BEGIN Given material

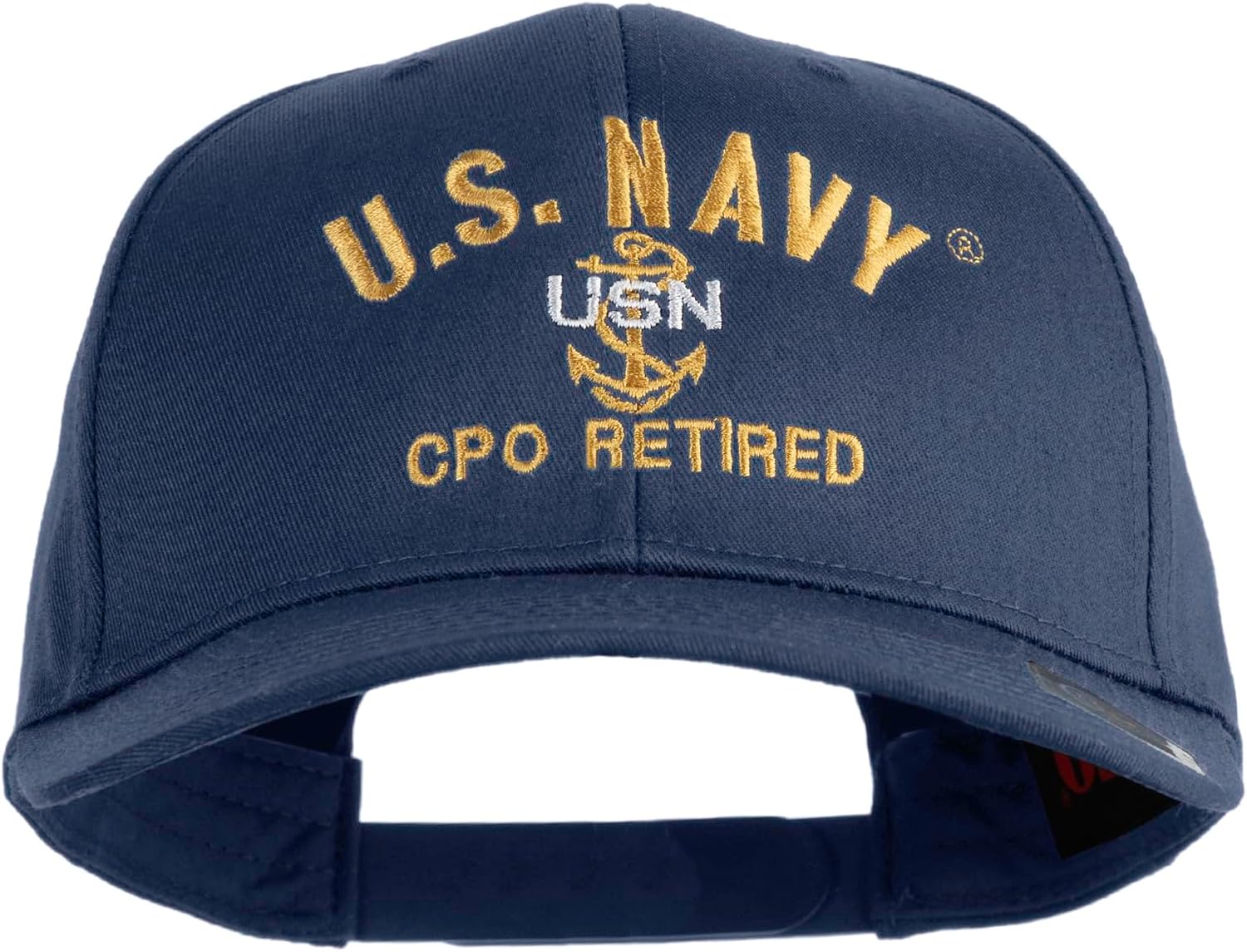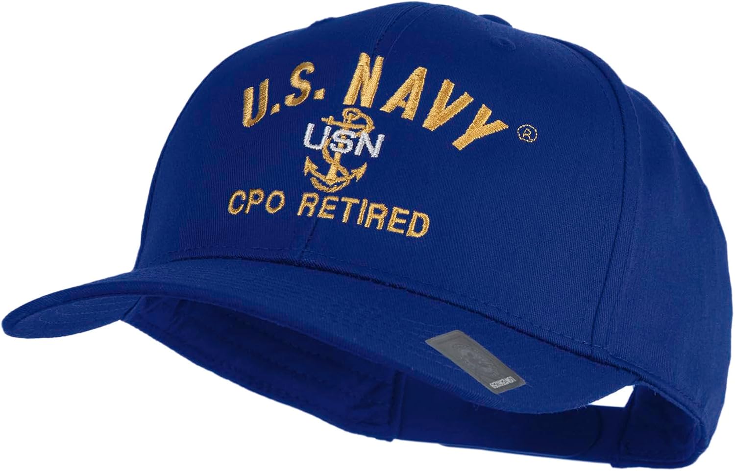 Title, US Navy CPO Retired Military Embroidered Solid Cotton Twill Pro Style CapOccasion, Ideal for Navy reunions, military events, or everyday wear that honors the leadership and legacy of a retired CPOOne Size Fit, Fits up to XL with adjustable plastic snap closurePanel Construction, 6-panel, high profile design for a classic military lookCrown Measurement, Crown measures 4 inches deepBill Features, Pre-curved bill measures 2.75 inches longMaterial Composition, 35% cotton and 65% polyester for durability and comfortDimensions, 7.5(W) x 10.5(L) x 4.5(H) inchesMaterial Feel, Thick, soft, and lightweightGender & Age, Adults/UnisexSeasonal Use, All seasonsCare Instructions, Hand wash onlyOrigin, Imported
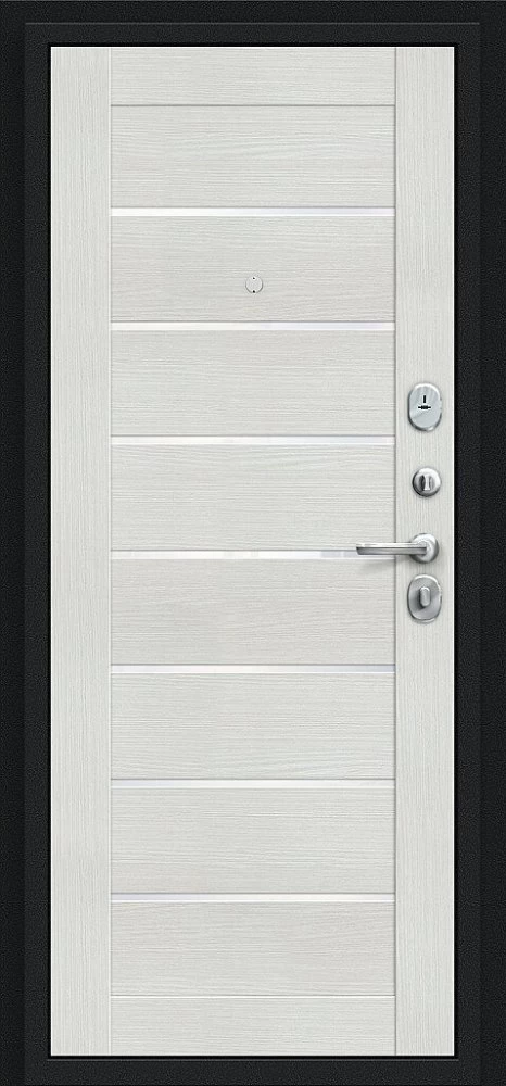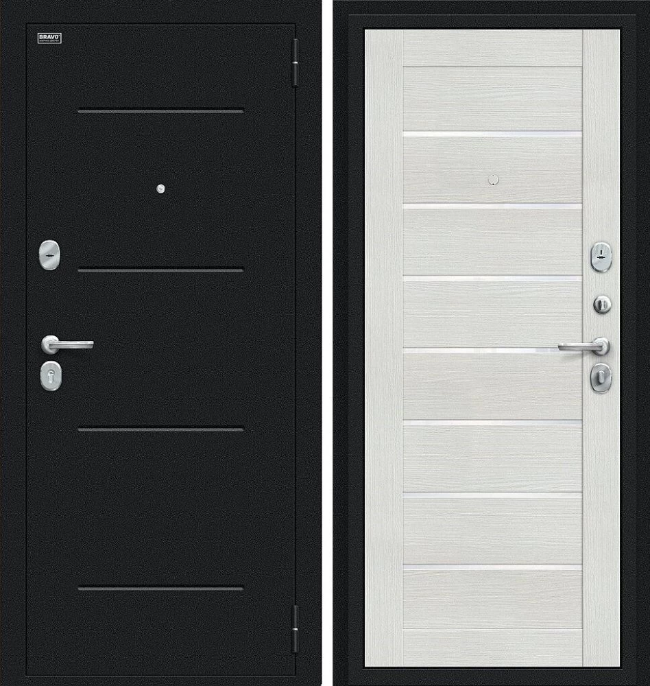 Надежная входная Дверь Браво Техно Букле черное/Bianco Veralinga премиум класса по цене 30 857 руб. Большая толщина стали защитит от проникновения в ваш дом, квартиру или коттедж. Используется очень качественная фурнитура: замки, цилиндры, ручки, защелки. Покрытие и отделка двери изготовлено под внимательным контролем производителя. Дверь имеет долгий срок службы и гарантию.
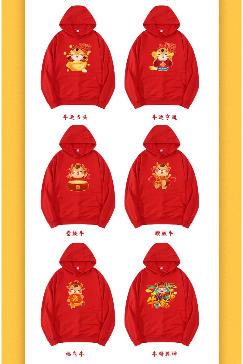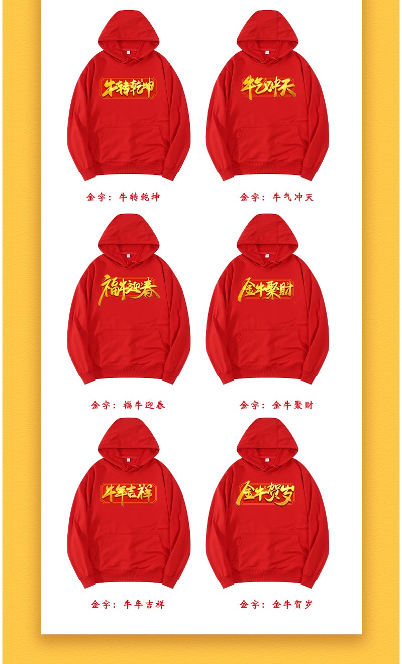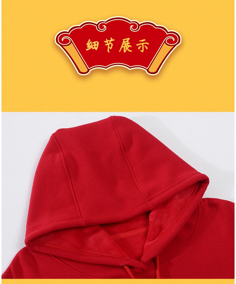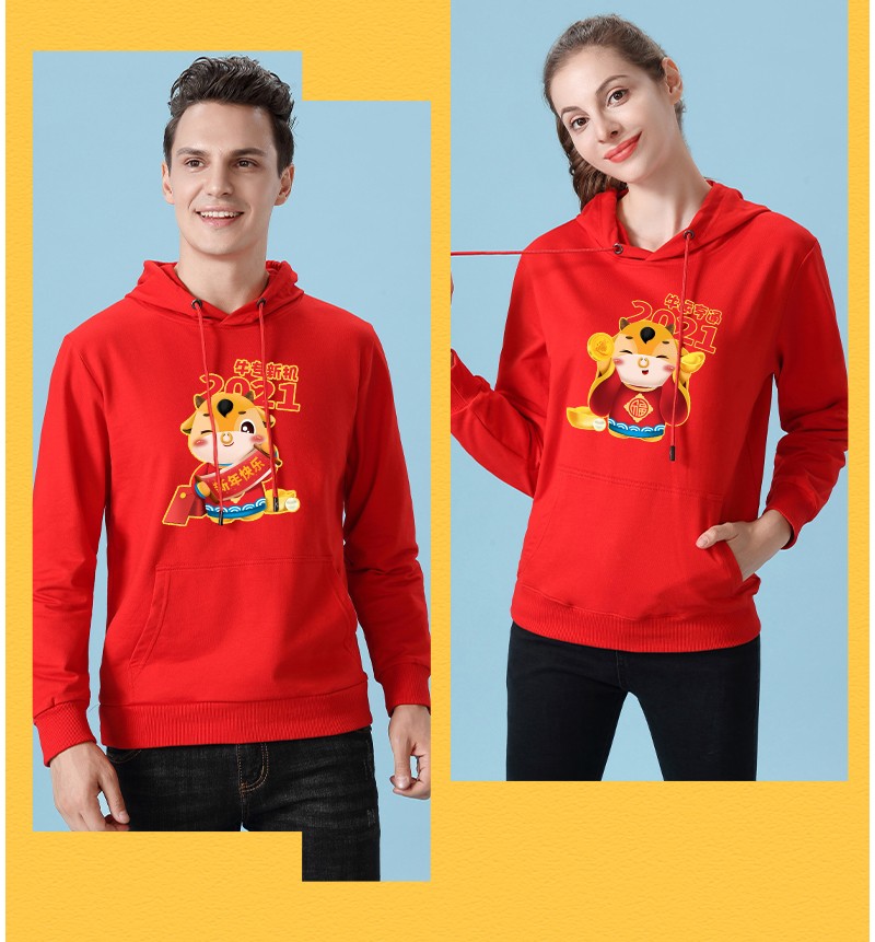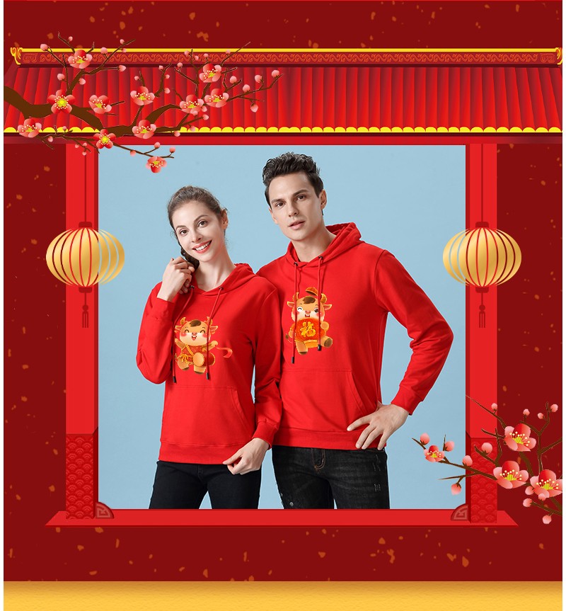 YDWY201212男女同款2021生肖牛年加絨連帽新年紅色衛(wèi)衣定制本命年元旦公司年會印logo

END Given material

◆ About this exercise: Skip the pictures. Please copy exactly the lines from the one with "Надежная входная Дверь" through the final line of the material above, both ends included.

◆ Reply:
 Надежная входная Дверь Браво Техно Букле черное/Bianco Veralinga премиум класса по цене 30 857 руб. Большая толщина стали защитит от проникновения в ваш дом, квартиру или коттедж. Используется очень качественная фурнитура: замки, цилиндры, ручки, защелки. Покрытие и отделка двери изготовлено под внимательным контролем производителя. Дверь имеет долгий срок службы и гарантию.
 YDWY201212男女同款2021生肖牛年加絨連帽新年紅色衛(wèi)衣定制本命年元旦公司年會印logo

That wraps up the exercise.